Type of SSE used

Mindmatter · Post by **Mindmatter** » Mon Feb 28, 2011 9:43 pm

I came across an article outlining the floating point processing unit in the upcoming AMD Bulldozer processor. Since 90% of my CPU usage goes to F@H, this paragraph caught my attention.

The floating point unit is also much more robust than it used to be. The Phenom had a single 128 bit unit per core, and Bulldozer now has it as 2 x 128 bit units. It can combine those units when running AVX and act as a single 256 bit unit. There are some performance limitations there as compared to the Intel CPUs which support AVX, and in those cases Intel should be faster. However, AVX is still very new, and very unsupported. AMD will have an advantage here over Intel when running SSE based code. It can perform 2 x 128 bit operations, or up to 4 x 64 bit operations. Intel on the other hand looks to only support 1 x 128 bit operation and 2 x 64 bit operations. The unit officially supports SSE3, SSE 4.1, SSE 4.2, AVX, and AES. It also supports advanced multiply-add/accumulate operations, something that has not been present in previous generations of CPUs.

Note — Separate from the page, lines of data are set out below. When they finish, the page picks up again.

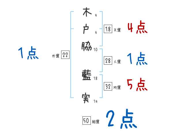 天運![]() | 木戸脇藍実さんの天運は18画の4つ星!情熱的で剛気。忍耐力があり信頼される。 家系が持つ宿命的な運勢を表します。祖先から受け継いだ苗字ですので自分の力が及びません。家柄を象徴します。 |
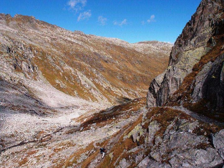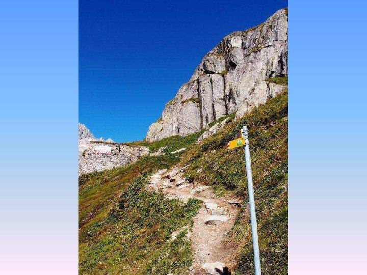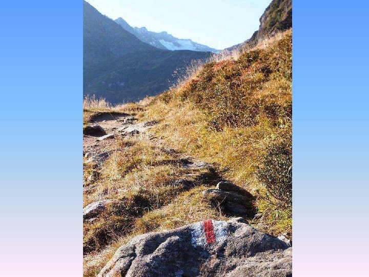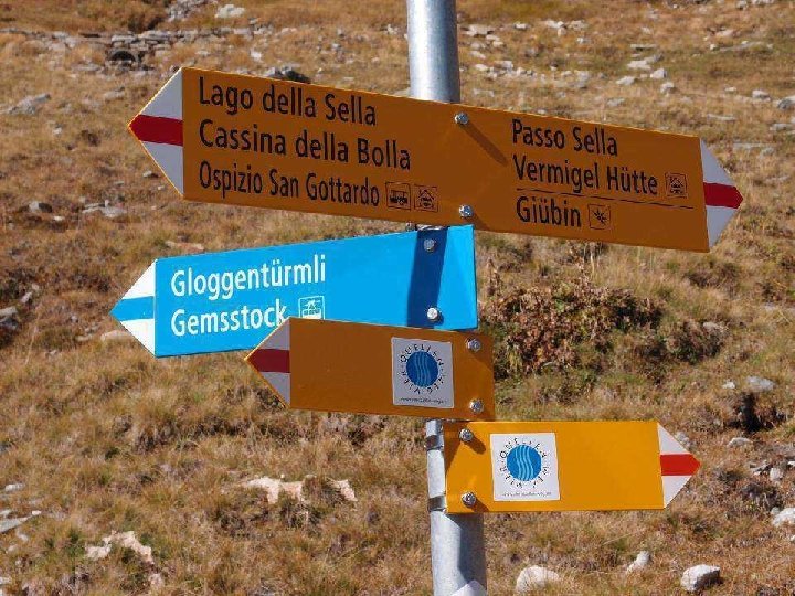 Etappe 2: Von der Vermigel. Hütte zum Gotthardpass Ausgangspunkt: Vermigel-Hütte Quellenweg: Vermigel-Hütte – Sunnsbiel – Summermatten – Sellapass (2’ 712 m). Möglichkeit zu einem kurzen Abstecher auf den Piz Giübin (2’ 776 m). Abstieg zum Sellasee (2’ 256 m) und weiter zum Gotthardpass (2’ 091 m). Marschzeit: zirka 5 Stunden Übernachtungsmöglichkeit: Albergo San Gottardo Ospizio Anschlüsse bei Tageswanderungen: Postauto nach Airolo oder Hospental/Andermatt.
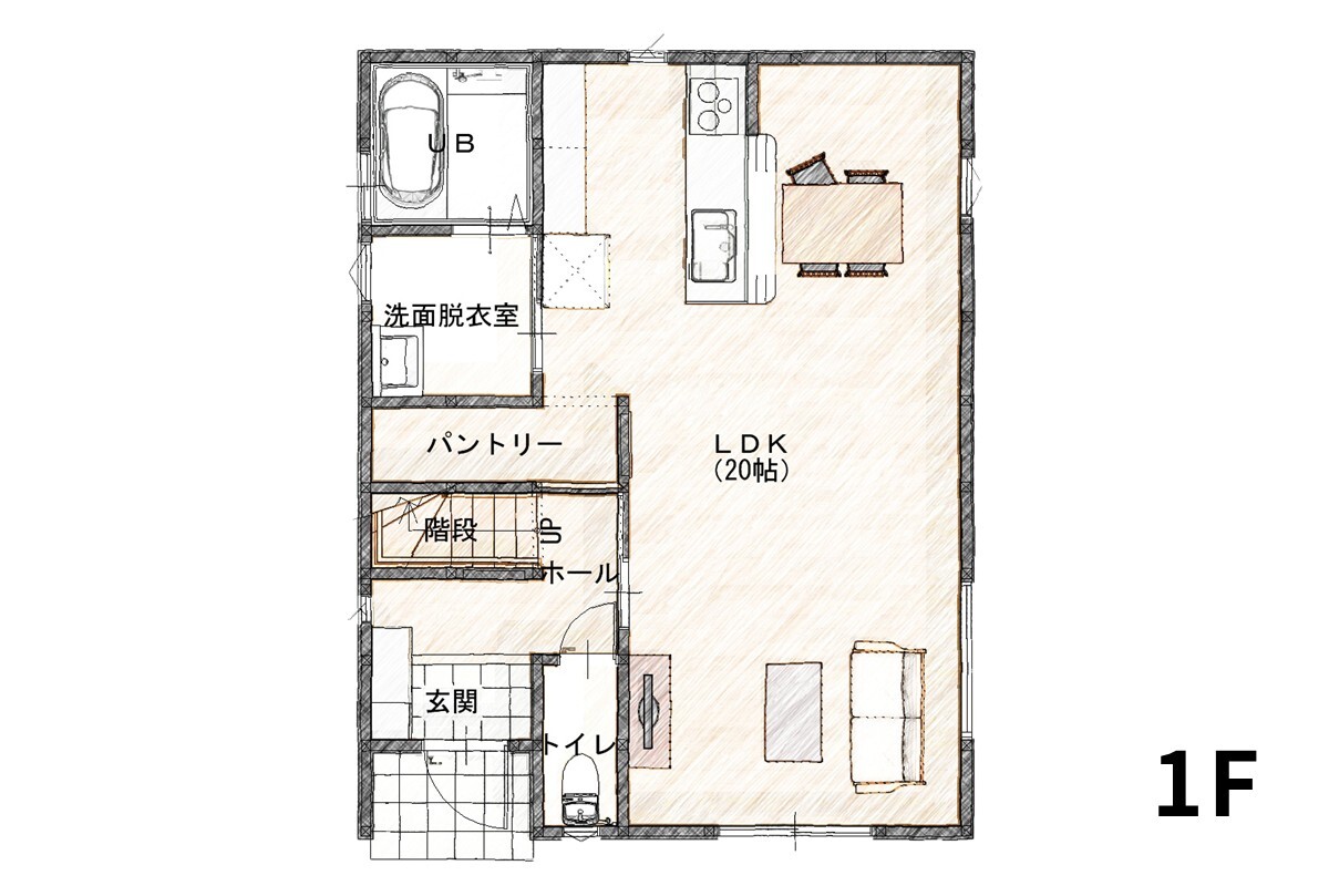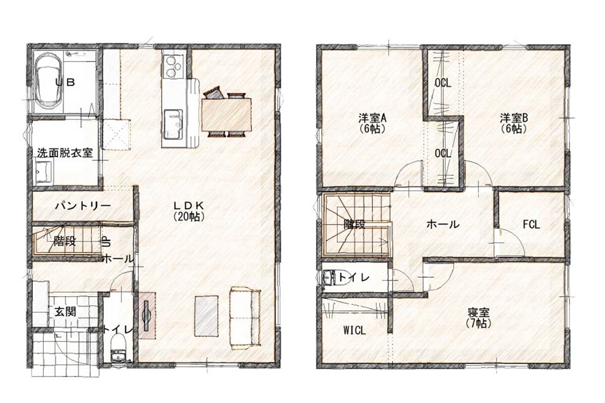 20帖の広々LDKにパントリーやWICL付きで、収納力も抜群。家事動線が良く、忙しいママも快適に過ごせる間取りです。
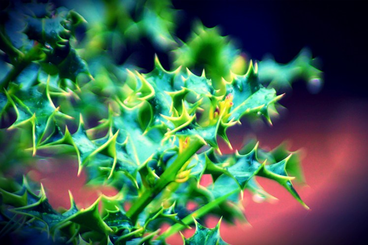 What I learnt from my research last night was, that the auto focus on the lens isn’t great in macro mode, and also you get a purple fuzz, called “chromatic Aberration”, which you can kind of see in parts of the holly shot below.
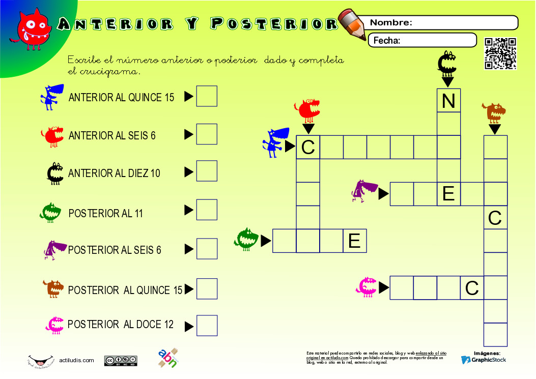 En este artículo dispones de una ficha para trabajar el concepto de anterior y posterior con el apoyo motivador de completar un crucigrama. Al final del artículo hay un enlace a más actividades para trabajar este concepto.
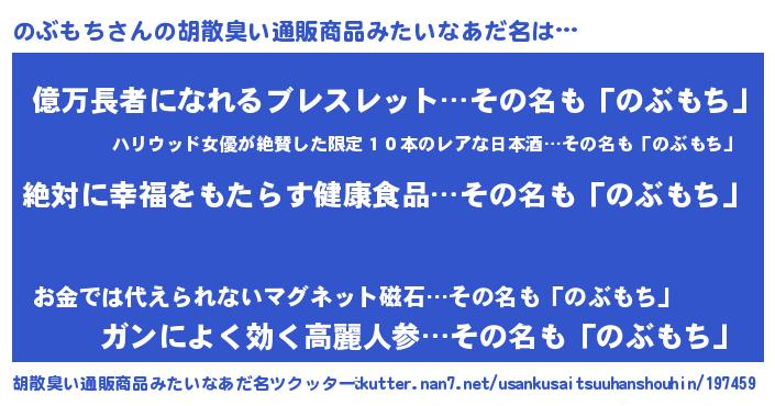 | 男性向けラノベタイトル風あだ名 | 『のぶもちという概念が存在しない退屈な世界 』 |

So what does F@H use for floating point processing? Single core and SMP, also does bigadv use anything different than SMP?

Link:
http://www.pcper.com/article.php?aid=1083

7im · Post by **7im** » Mon Feb 28, 2011 10:10 pm

Trade ya info, as I'd like to read the whole article. Please post a link...

To answer, SSE mostly, one fahcore uses SSE2, but those projects are few, and one of the new CPU fahcore uses all SSE versions available. -bigadv is also SSE, no difference.

Please also take in to consideration not only the bit width, but how many cpu cycles it takes to do 4x64 on AMD vs 2x64 on Intel. If the AMD takes 4 CPU cycles and the Intel only takes 2 CPU cycles, then effectively the performance is the same. (That's why I'd like to read more...)

codysluder · Post by **codysluder** » Mon Feb 28, 2011 10:45 pm

The other consideration is how many operations can be done simultaneously. Some AMD fanboys have criticized the Intel fanboys because chips like the i7 have virtual cores rather than real cores and imply that Bulldozer will have real cores. Whether you call something a real or a virtual core is asking the wrong question entirely. The i7 has four shared SSE units and each can process a certain number of single precision or SSE operations per second (and SMP can use all of them). Bulldozer has a certain number of shared SSE units and each can process a certain number of single precision or SSE operations per second (and SMP can use all of them).

The hardware pieces may be called by different names and may be structured differently, but the bottom line will be how many SSE operations can be done, not what you call them.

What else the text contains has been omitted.